Monday, June 1, 2009


Hubris today is defined as an overwhelming sense of pride or self- confidence; or even arrogance. Hubris is most often tied to the pride, one of the seven deadly sins. It’s commonly believed that hubris is dangerous for the individual and that it can even lead to a fatal retribution. In Greek literature hubris always led to the protagonist’s downfall. The most notable example is that of Icarus. Icarus was the son of Daedalus, a craftsman so skilled it was said that he could create moving images. Daedalus was eventually exiled and imprisoned in Crete. Longing a sense of freedom and to escape Daedalus made two sets of wings made out of wax so that he and his son could escape the unfortunate circumstance. There were only two problems with the wings that Daedalus warned his son about; the wings couldn’t come to close to the sun nor the sea. Once Icarus put the wings on and began to soar hubris took over and he flew to close to the sun, thus melting his wax wings. Icarus then fell into the sea below which present day bears his name, the Icarian Sea. If only hubris hadn’t taken over Icarus would have lived to successfully escape.

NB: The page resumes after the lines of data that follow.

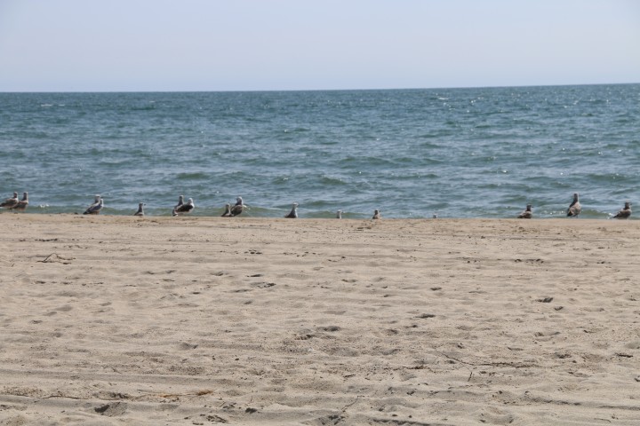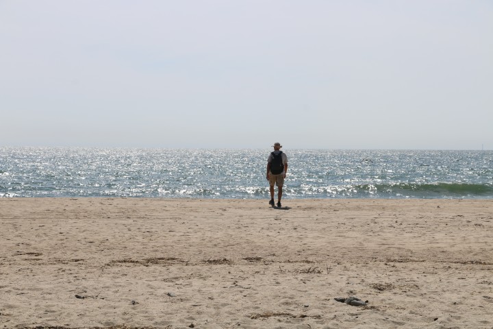 An der Atlantikseite gehen wir bis an die Wasserlinie und sehen einen großen Robben-Bullen. Daneben tauchen hin und wieder kleine Köpfe auf. Eine Frau mit zwei Hunden kommt, wirft ihre Kleidung hin und stürzt sich in die Fluten. Mich schauderts. Weiß ich doch, dass das Wasser deutlich unter 20° hat. Ihre Hunde sind zwiegespalten. Einer traut sich am Ende dann auch… Ich fühle mit dem anderen!
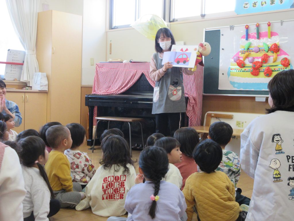 こあら組では、毎月、誕生月の保護者の方をご招待しています。誕生児さんの発表を聞いたり、ケーキを作ったりしながら、みんなでお祝いしています。先生たちの出し物もありますよ。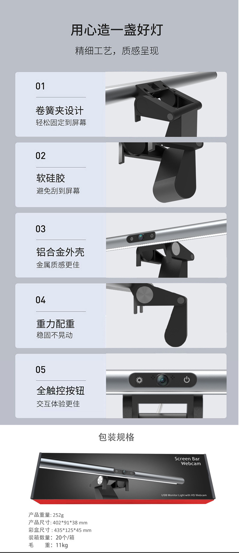 Висячая лампа с HD камерой, защита глаз для плоских и изогнутых экранов, универсальная анти-синий свет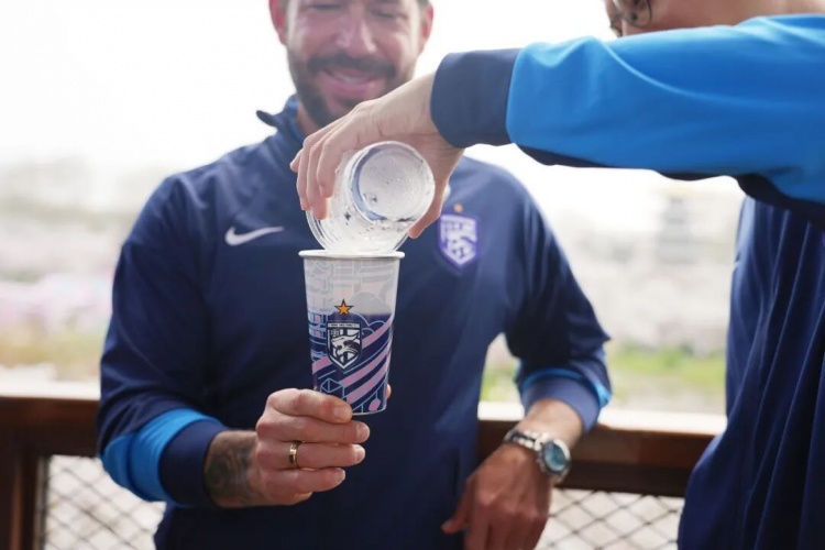 漫步樱园间,粉樱缀枝、春风拂面,莫拉对眼前的景色赞不绝口。游园过程中,他还在樱花丛下体验了俱乐部新款周边产品——樱花主题变色冷水杯,这款周边融合城市与樱花元素,巧妙的设计让他颇感新奇。

Recently I did a blog about the seven deadly sins. I even included the ones that I suffer from the most; I wasn’t surprised when I found out I suffered the most from pride. That really made me start thinking. It is rumored pride is the only sin that a person can’t beat and that pride comes before a big fall. Since then I have thought about when pride crosses over to hubris and if I am in fact that close. In ancient times mortals had the gods to keep them in place and make sure that they didn’t get out of line. In today’s times we have employers, community and church leaders, and good friends to make sure that we don’t get too full of ourselves. The question becomes what can a person do for themselves to realize what is too far or too much of a sense of pride?
With the twenty-something years I have been alive I have been a fortunate and promising individual. Whenever I looked I was doing something that my peers and even some adults weren’t doing. I was baptized at the age of four by my choice, from there I was one of the three people to start the student government association at my elementary school, in addition being the first year book editor and I would even be left in charge of the office. All of that was by the age of eleven. From there I went on to concur playing two instruments, National Junior Honor Society, overcoming my mother’s passing and the accomplishments continued to add up. Never did I think I was gaining a big ego or overvaluing myself.
Once I reached high school I didn’t slow down, in fact I sped up and added more to my plate. It was finally in high school I gained self confidence. I think then was the first time people began to see me as arrogant or anything of the like. Most of the time I ignored the talk because I have never thought I am better than anyone else; I just figured that people had a problem because I was moving upward and doing a lot in high school, the church, and my community. Once I graduated high school as Salutatorian I continued to do more and more once I reached college. I felt that if I wasn’t moving forward I was moving backwards. Again I encountered the arrogance and stuck up talk, but I ignored it because I know at the end of the day it’s not me.
Reading more and more of Greek literature helped me to understand what some of those characters went through and perhaps where the differences begin to develop in life. The mortals back then had reasons to believe why they were good or possibly even deserving of more as I have. I always figured that arrogance partially came from an empty feeling of entitlement. One thing I know I can do is look back on my accomplishments and feel proud of what I have done in life. The bad part is sometimes looking back all a person can do is see the end result, not the struggling to get there and that someone else was only a half inch away. Truly it is amazing to see just how much of a slippery slope pride becomes. It’s dangerous, it allows a person to believe they aren’t prideful until it’s too late and by that time the person believes they have a reason to be prideful but they don’t realize truly how bad they are. By the time that conclusion is reached hubris sets in and it takes a fatal or near fatal action to place a mortal being in place. With the state of the nation I believe I have come to my low point or significant setback in life.
The trick, the thing that a person can ultimately do is never believe how great they really are. Once you start believing the hype and the way people treat you your ego automatically develops and grows. I am in the state where I know realize what it’s going to take for me to get out of my hubris state and death defying fall; I can no longer look back. There is a term that I am officially adopting, “I am only as good as my next victory”. Now that I am out of college the time for setbacks is over and the pressure to succeed has become that much more real. I know one thing; I won’t go into the history books for hubris.